Four serious questions about Elon Musk's silly credibility score

Media Twitter experienced a bit of a meltdown on Wednesday afternoon as space-and-street entrepreneur Elon Musk mused about setting up a crowdsourced service that rates the credibility of journalists.

Let's set aside Musk's motives — possibly informed by the bad press Tesla has recently received, which he attributes to media bias — and concentrate on the idea itself.

It might seem inconsequential, exposed as it was in a smattering of tweets and with the primary intention of trolling his critics. But Musk's suggestion of a "credibility score" is worth discussing because building one is actually a pretty popular idea — especially among Silicon Valley types.

Some, like the Credibility Coalition, are trying to frame the problem thoughtfully, but most are imbued with the same techno-utopianism that has defined Musk's public persona. In the past few months alone I received at least four different pitches for a system that uses artificial intelligence (of course) to rate the credibility of the entire internet.

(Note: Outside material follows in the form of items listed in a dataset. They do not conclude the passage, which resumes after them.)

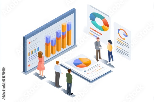 Group of professionals discussing a business presentation data report with visuals and charts in an office setting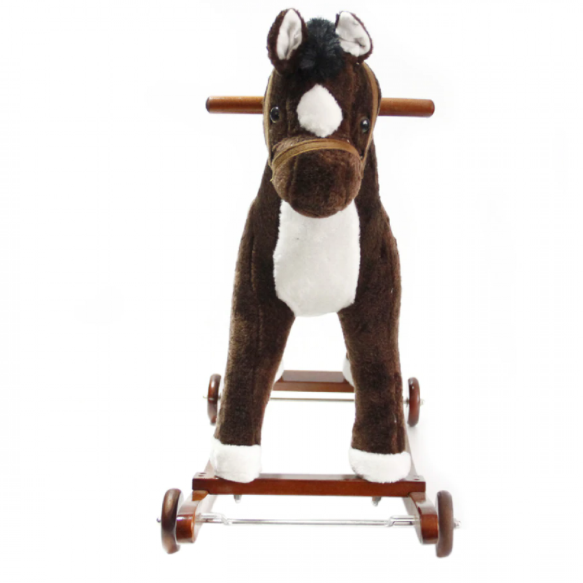Caracteristici Balansoar Calut Maro cu Roti si Sunete: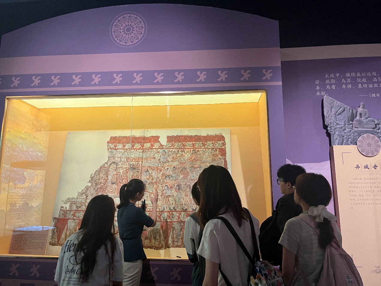 “同铸山河”展览聚焦北朝时期的民族融合与文化交流,精选百余件石刻造像、陶俑、壁画等珍贵文物,展示出北朝时期宗教艺术的发展风貌及其所承载的时代信息。同学们在参观过程中了解到展览如何通过时间线索与地域串联形成历史叙事,也感受到博物馆在展陈背后所做的策展设计与教育引导工作。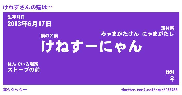 | ファンタジー風あだ名 | 『ケネフェル』『エターナルケネスー』 |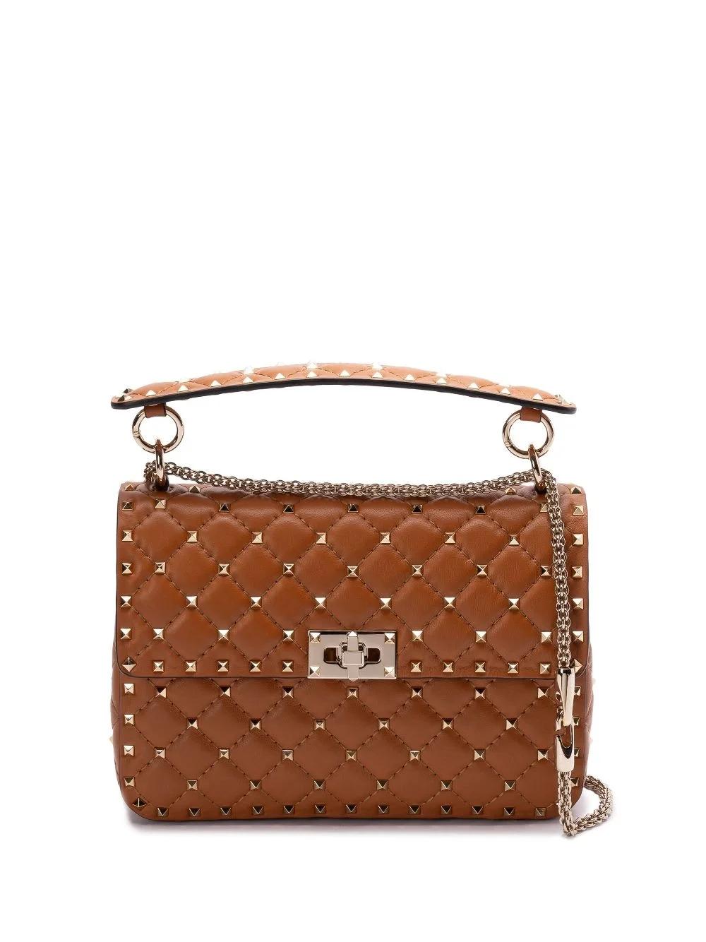 Rockstud Spike tote bag Highlights - Brown - Gold-tone rockstud embellishment - Twist-lock closure - Chain-link shoulder strap Made in Italy Composition Outer: Lambskin 100% SIZE & FIT Measurement DEPTH 2.36 in(6 cm) HEIGHT 6.29 in(16 cm) WIDTH 9.05 in(23 cm)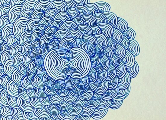 Die Wiederholung der immer gleichen Form in unterschiedlicher Größe, die Iterationen, wie es die Künstlerin nennt, werden wie in den meisten ihrer Arbeiten durch explizit handzeichnerisch gesetzte kleine Differenzen einer starren, leblosen Regelmässigkeit entzogen. Die Flächenfüllung wirkt über die Grenzen der Einrahmung hinaus; das recht kleine Bild erscheint viel größer, als es in Wirklichkeit ist.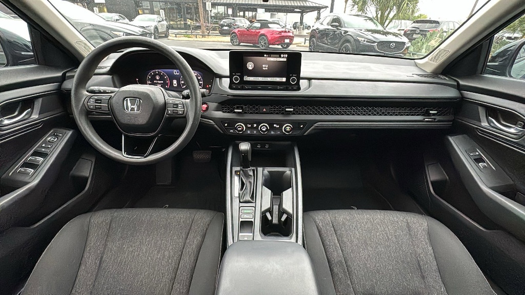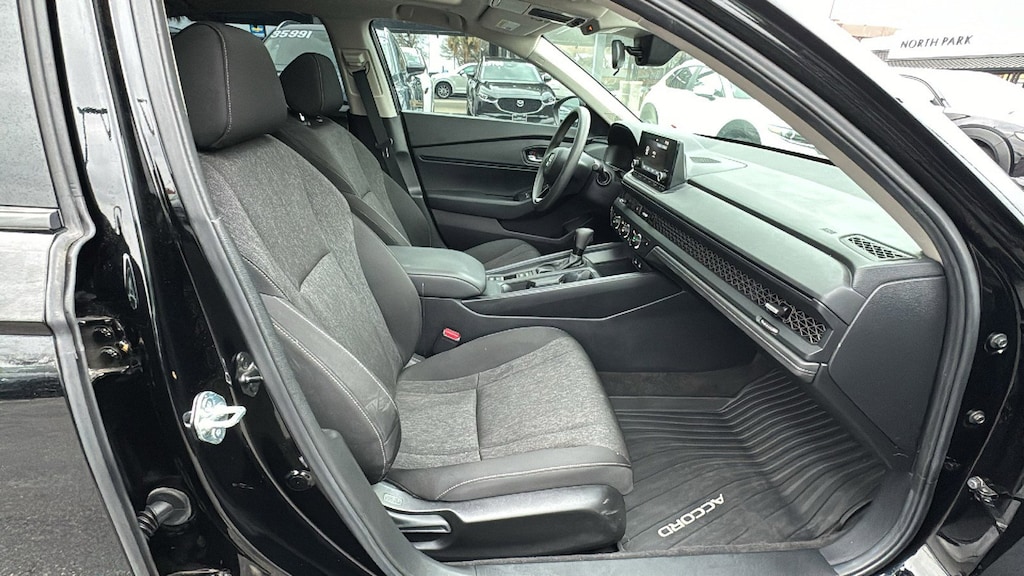 North Park Mazda is delighted to offer this good-looking 2025 Honda Accord SE. Well equipped with 4-Wheel Disc Brakes, 8 Speakers, ABS brakes, Adaptive Cruise Control: Adaptive Cruise Control (ACC) with Low-Speed Follow, Air Conditioning, Alloy wheels, AM/FM radio, Apple CarPlay/Android Auto, Auto High-beam Headlights, Automatic temperature control, Blind Spot Information (BSI) System warning, Brake assist, Bumpers: body-color, Compass, Delay-off headlights, Driver door bin, Driver vanity mirror, Dual front impact airbags, Dual front side impact airbags, Electronic Stability Control, Emergency communication system: HondaLink Assist, Exterior Parking Camera Rear, Fabric Seat Trim, Four wheel independent suspension, Front anti-roll bar, Front Bucket Seats, Front Center Armrest, Front dual zone A/C, Front reading lights, Fully automatic headlights, Heated door mirrors, Heated Front Bucket Seats, Heated front seats, Illuminated entry, Knee airbag, Lane departure: Lane Keeping Assist System (LKAS) active, Low tire pressure warning, Occupant sensing airbag, Outside temperature display, Overhead airbag, Overhead console, Panic alarm, Passenger door bin, Passenger vanity mirror, Power door mirrors, Power driver seat, Power moonroof, Power steering, Power windows, Radio data system, Radio: 180-Watt Audio System, Rear anti-roll bar, Rear reading lights, Rear seat center armrest, Rear side impact airbag, Rear window defroster, Remote keyless entry, Security system, Speed control, Speed-sensing steering, Speed-Sensitive Wipers, Split folding rear seat, Steering wheel mounted audio controls, Tachometer, Telescoping steering wheel, Tilt steering wheel, Traction control, Trip computer, Variably intermittent wipers, and Wheels: 17" x 7.5J Berlina Black.

The vision that one easy hack can fix media bias and massive online misinformation is pervasive among certain quarters. But it's fatally flawed.

Other well-heeled journalism projects have promised to upend fact-checking by either injecting the crowd in it (WikiTribune) or developing a universal credibility score (NewsGuard). In WikiTribune's case, the jury is still out, but the fact-checking work to date seems hardly paradigm-shifting. NewsGuard has raised $6 million but has yet to launch.

Still, it's clear that the status quo needs reform. Fact-checking might need to be blown up and reinvented. So rather than dunk on Musk, we should debate the underlying challenges of a genuine credibility score for the internet.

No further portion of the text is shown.